Firstly, the authors are not medically trained (as best as I can tell) and are primarily business people. There does not appear to be a pharmacovigilance evaluation of the claim that statistically significant increases in adverse events are seen with these drugs.
The authors state that if a review is rushed, then “we might expect that drugs approved during these periods to have more safety issues”. They look at various factors to “test this hypothesis” which are not clear to a clinical reviewer (e.g. fixed effects ICD-9 and drug cohort, for a drug’s decile in terms of market size and others). They use prescription data as a marker of drug use. Clinicians know that not all drugs prescribed are taken or taken as directed or are stopped early or have dosage changes. We never truly know the denominator of drugs actually taken when calculating rates. In fact, we never truly know the numerator either. They do note that a key concern is that this analysis does not take into account the “proportion of use cases that do not generate AEs”. That is, they don’t really have a denominator for drug use nor are they sure they received all AEs that occurred.

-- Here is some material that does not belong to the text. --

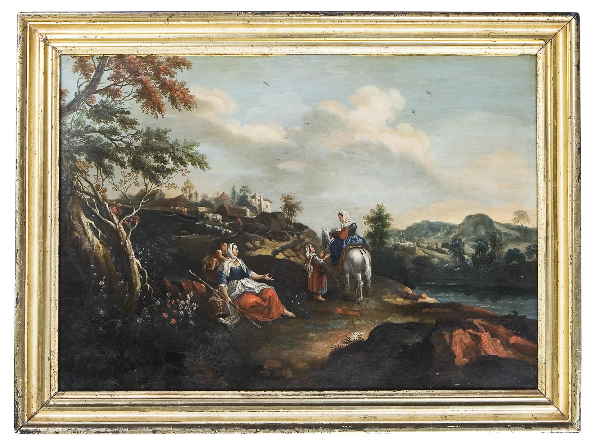 Genreszene in großflächiger, detailreich sich weit in die Tiefe erstreckender Hügellandschaft im Stil der niederländischen Landschaftsmalerei eines Nicolaes Pietersz Berchem (1620 Haarlem - 1683 Amsterdam). Rückseitig nummeriert, profilierter Waschgoldrahmen.
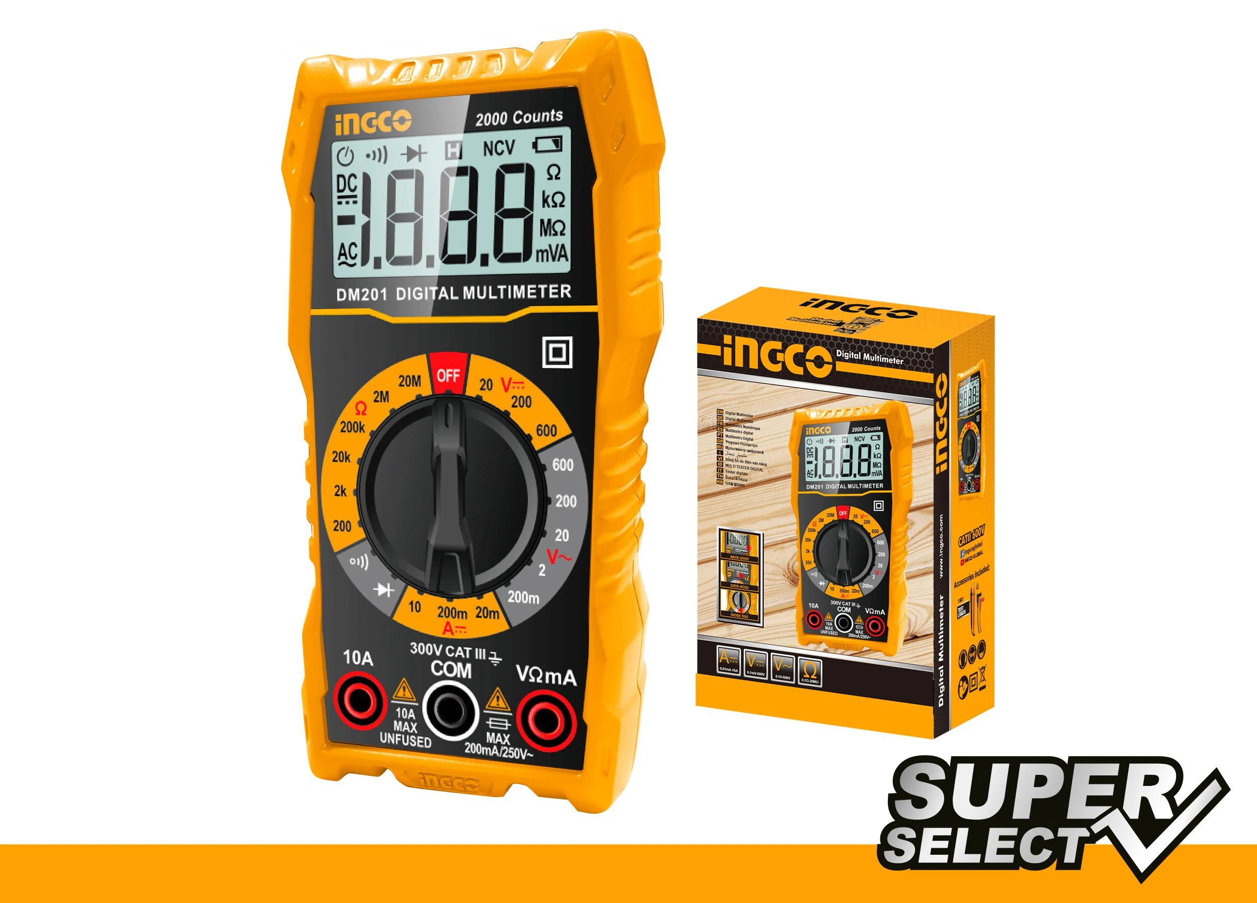 Pantalla LCD de 2000 cuentasVoltaje DC 200mV / 2V / 20V / 200V / 600VVoltaje CA 200V / 600VCorriente DC 20mA / 200mA / 10AResistencia 200? / 2k? / 20k? / 200k? / 2M? / 20M?

The authors do not comment on the possibility that even if a review is “rushed” in totality, it is possible that the safety review is complete and the same as would be done for review during a different month.
“A safe and popular drug may generate more adverse effects than a dangerous drug simply because it is used by more people.” A review of the safety data by a medically trained pharmacovigilance person would have been useful.
This is a highly technical and complex “business type publication” and not a medical publication.
Bottom line: This is a very important paper. It is highly technical paper with some findings that might not be fully supported without some further medical input regarding the safety issues in particular. However, the findings are “believable” and consistent with both human nature and similar findings referenced in other countries, other fields and other publications. It should be more thoroughly evaluated by the regulators, academics and medical worlds.
It is hoped that this publication will be picked up in the medical literature and by FDA and other agencies. It would be interesting to hear FDA’s comments as well as comments from other stakeholders in the field.